Source records
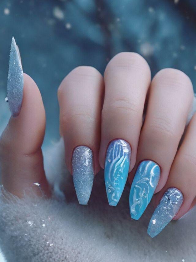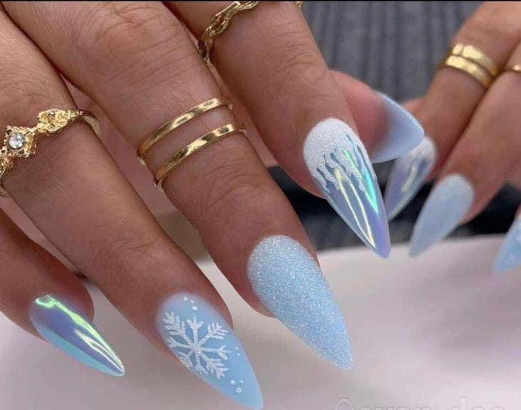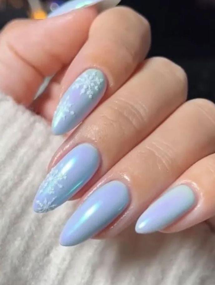 Long pointed nails in shimmering icy blue create a bold, dramatic winter January aesthetic. Snowflakes, frosted tips, and chromed highlights bring a glamorous “frozen fantasy” feel.
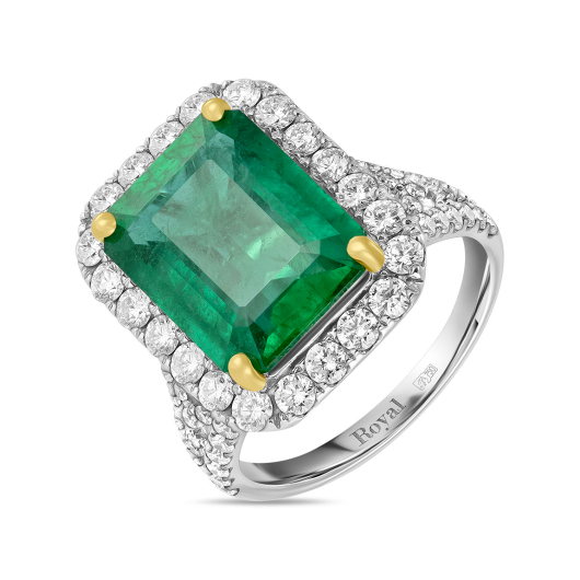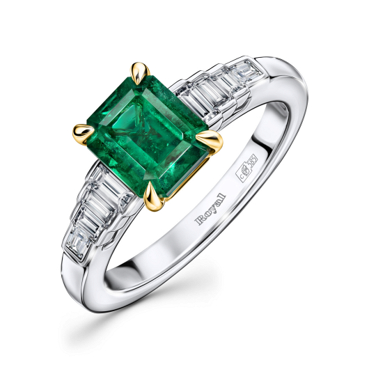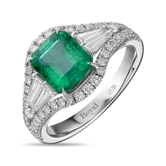 Безупречная огранка «Октагон» в полной мере раскрывает природную красоту изумруда весом 1,45 карат. Глубокий насыщенный оттенок зеленого манит в мир головокружительной роскоши и ослепительного блеска. В блистательной компании багетных и круглых бриллиантов общим весом 0,82 карат драгоценный камень смотрится особенно изысканно и утонченно. Оригинальный дизайн этого кольца из коллекции Royal, сочетающий разнообразные огранки, влюбляет в себя с первого взгляда.
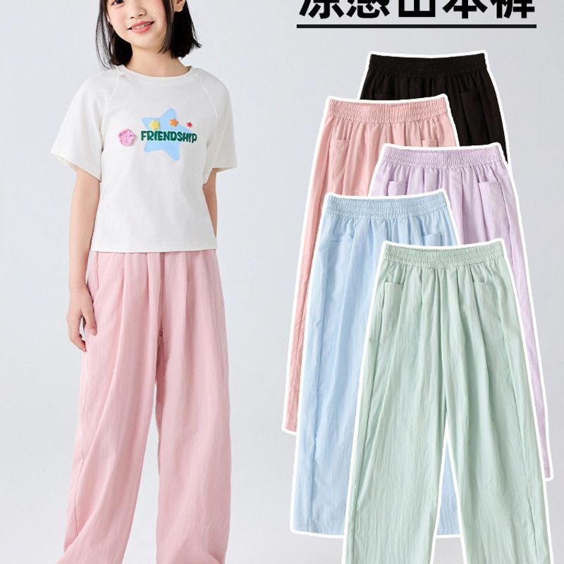 Children's Thin Yamamoto Pants, Summer Girls' Ice Silk Wide-Leg Long Pants, Loose Mosquito-Proof Casual Solid Color Pants for Older Children
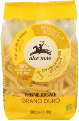 Wyśmienity makaron z ekologicznej mąki z PSZENICY durum. Polecamy z sosami pomidorowymi Alce Nero.
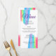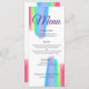 Belo menu janto de casamento de cor d'água do arco-íris com traçados bonito e artísticos de cor brilhante para um evento LGBTQ. O elegante guião roxo cursivo dá um bonito pop de cor ao menu de comida de recepção clássico. Adicione suas opções de início, curso principal e sobremesa e personalize com seu nome e data de casamento na parte inferior. Detalhe os aperitivos e as entradas para seus convidados de recepção.
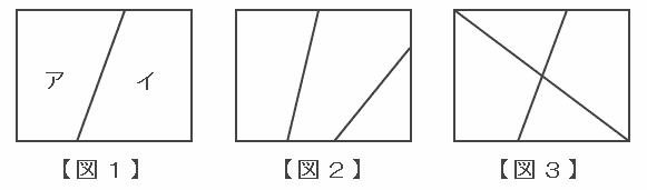 次の図のように、長方形の内部に2本の直線が引いてあるときは、長方形の内部がア~エの4か所に分かれています。
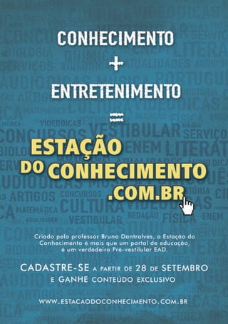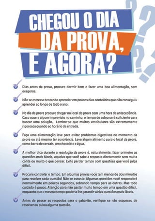 O documento apresenta o 'guia prático do vestibular e ENEM', destinado a ajudar mais de 5 milhões de jovens no Brasil a se prepararem para exames de forma eficiente. Ele abrange conteúdos de ciências naturais, humanas, linguagens e matemática, utilizando uma linguagem simples e ilustrada para facilitar a revisão. Com dicas, resumos e questões resolvidas, o guia visa reduzir a ansiedade e melhorar a performance dos candidatos no vestibular.
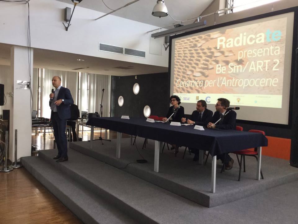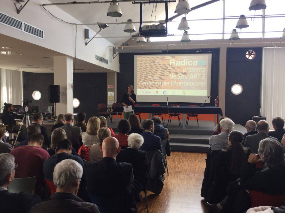 "Tre centri di ricerca uniti per un obiettivo finale, il dipartimento di Ingegneria del Campus, i ceramisti di Albisola e la collaborazione del FabLab di Torino hanno consentito grazie alla stampa 3D a braccio robotico di realizzare pezzi unici in ceramica.", queste le parole di Francesca Perona. Cristina Pisapietra, direttrice artistica dell'associazione Radicate, ha esposto il progetto tramite un video di spiegazione e ha introdotto con varie domande l'ingegnere Roberto Procopio, Andrea Graziano di Fab Lab, il ceramista Marco Tortarolo e Cecilia Chilosi. Questo pomeriggio dalle 14.30 nel Museo della Ceramica di Savona in Piazza Chabrol 1 verrà esposta l'opera al pubblico.

Try it
A clean copy is needed of the lines in the listing above from the one with "Children's Thin Yamamoto" through the one with "Wyśmienity makaron z", exact in every word and free of pictures.

Answer area
 Children's Thin Yamamoto Pants, Summer Girls' Ice Silk Wide-Leg Long Pants, Loose Mosquito-Proof Casual Solid Color Pants for Older Children
 Wyśmienity makaron z ekologicznej mąki z PSZENICY durum. Polecamy z sosami pomidorowymi Alce Nero.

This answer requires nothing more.